:: Work to complete ::
"monument" is the word to look for; copy each line of the listing where it occurs.
====== Extracted records ======
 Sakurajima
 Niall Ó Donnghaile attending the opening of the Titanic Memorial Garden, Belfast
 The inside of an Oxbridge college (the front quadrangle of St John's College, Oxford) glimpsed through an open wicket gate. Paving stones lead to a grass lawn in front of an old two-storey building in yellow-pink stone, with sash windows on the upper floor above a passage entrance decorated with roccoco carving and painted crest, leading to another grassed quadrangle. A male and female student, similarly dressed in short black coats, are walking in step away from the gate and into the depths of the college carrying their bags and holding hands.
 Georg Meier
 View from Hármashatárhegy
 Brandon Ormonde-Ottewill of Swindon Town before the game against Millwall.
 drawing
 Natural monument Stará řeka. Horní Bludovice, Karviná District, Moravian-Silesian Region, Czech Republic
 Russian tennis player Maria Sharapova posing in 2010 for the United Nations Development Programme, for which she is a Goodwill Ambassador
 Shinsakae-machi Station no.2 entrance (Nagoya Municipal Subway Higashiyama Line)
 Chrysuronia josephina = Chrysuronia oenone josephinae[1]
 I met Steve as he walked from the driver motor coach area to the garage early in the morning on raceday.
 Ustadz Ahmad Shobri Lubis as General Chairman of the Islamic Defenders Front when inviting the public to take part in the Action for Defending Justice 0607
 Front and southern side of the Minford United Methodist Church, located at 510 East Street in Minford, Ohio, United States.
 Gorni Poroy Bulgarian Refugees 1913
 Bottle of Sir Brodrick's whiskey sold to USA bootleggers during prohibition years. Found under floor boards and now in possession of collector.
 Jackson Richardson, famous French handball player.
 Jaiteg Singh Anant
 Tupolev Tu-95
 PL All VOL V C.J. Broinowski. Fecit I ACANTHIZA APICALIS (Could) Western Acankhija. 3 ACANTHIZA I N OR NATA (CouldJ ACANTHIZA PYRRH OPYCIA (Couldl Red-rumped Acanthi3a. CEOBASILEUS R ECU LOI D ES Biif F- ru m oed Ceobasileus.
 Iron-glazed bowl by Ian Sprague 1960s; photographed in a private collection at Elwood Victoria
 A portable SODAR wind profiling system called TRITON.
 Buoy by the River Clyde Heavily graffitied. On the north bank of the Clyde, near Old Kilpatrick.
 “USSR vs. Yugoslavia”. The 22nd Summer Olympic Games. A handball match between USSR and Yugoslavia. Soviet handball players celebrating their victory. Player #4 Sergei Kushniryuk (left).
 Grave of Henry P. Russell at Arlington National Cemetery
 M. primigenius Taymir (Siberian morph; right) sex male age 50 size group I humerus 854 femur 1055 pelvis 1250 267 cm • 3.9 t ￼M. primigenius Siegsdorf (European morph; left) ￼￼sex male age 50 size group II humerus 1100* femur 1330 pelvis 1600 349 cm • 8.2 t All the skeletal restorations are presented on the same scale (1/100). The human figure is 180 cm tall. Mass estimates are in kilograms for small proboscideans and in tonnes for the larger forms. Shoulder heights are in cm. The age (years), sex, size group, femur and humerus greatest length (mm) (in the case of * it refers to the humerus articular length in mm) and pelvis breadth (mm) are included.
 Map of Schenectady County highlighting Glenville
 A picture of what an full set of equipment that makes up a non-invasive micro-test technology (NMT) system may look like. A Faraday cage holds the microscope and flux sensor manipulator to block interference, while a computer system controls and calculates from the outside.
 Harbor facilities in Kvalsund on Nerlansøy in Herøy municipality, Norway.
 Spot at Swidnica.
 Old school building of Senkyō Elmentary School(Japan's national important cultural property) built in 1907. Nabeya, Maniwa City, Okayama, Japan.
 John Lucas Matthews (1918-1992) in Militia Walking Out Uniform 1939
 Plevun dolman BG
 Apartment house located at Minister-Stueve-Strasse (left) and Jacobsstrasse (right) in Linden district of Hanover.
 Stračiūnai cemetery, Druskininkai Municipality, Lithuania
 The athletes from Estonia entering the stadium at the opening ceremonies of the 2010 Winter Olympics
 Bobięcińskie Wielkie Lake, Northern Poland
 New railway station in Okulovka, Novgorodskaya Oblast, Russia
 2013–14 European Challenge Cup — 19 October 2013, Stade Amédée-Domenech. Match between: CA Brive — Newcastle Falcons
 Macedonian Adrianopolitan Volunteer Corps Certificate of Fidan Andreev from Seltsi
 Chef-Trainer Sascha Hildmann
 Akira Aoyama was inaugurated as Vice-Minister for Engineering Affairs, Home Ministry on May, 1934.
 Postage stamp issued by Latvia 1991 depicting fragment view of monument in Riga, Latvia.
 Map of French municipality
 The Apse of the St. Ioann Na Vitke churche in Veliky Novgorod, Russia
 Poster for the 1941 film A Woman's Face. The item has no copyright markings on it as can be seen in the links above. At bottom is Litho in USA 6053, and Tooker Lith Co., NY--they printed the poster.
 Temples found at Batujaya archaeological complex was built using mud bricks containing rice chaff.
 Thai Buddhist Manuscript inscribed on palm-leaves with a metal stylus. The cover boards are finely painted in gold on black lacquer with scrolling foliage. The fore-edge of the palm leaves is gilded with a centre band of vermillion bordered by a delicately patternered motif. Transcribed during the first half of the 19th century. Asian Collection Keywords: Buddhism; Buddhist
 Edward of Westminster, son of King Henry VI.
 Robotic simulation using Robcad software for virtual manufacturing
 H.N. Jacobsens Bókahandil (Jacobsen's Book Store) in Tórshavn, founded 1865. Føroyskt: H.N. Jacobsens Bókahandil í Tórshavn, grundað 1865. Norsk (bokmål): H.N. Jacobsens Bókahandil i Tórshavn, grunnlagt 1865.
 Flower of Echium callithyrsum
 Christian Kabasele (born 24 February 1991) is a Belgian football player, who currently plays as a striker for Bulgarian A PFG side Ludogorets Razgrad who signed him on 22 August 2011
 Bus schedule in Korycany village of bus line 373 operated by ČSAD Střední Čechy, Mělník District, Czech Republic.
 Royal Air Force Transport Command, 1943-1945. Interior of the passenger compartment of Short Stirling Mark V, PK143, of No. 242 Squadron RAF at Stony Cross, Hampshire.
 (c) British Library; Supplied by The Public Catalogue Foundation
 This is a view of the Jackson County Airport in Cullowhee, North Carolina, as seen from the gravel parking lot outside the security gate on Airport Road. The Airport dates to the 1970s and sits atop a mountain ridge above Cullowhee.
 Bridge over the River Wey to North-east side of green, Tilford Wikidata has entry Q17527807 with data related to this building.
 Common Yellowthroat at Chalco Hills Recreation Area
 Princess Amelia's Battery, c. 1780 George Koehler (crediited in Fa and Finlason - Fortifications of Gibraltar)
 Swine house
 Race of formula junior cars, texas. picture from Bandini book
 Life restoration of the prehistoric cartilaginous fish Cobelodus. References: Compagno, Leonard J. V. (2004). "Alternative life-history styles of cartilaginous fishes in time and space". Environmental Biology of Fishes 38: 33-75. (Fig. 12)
======
:: Result for this task ::
 Natural monument Stará řeka. Horní Bludovice, Karviná District, Moravian-Silesian Region, Czech Republic
 Postage stamp issued by Latvia 1991 depicting fragment view of monument in Riga, Latvia.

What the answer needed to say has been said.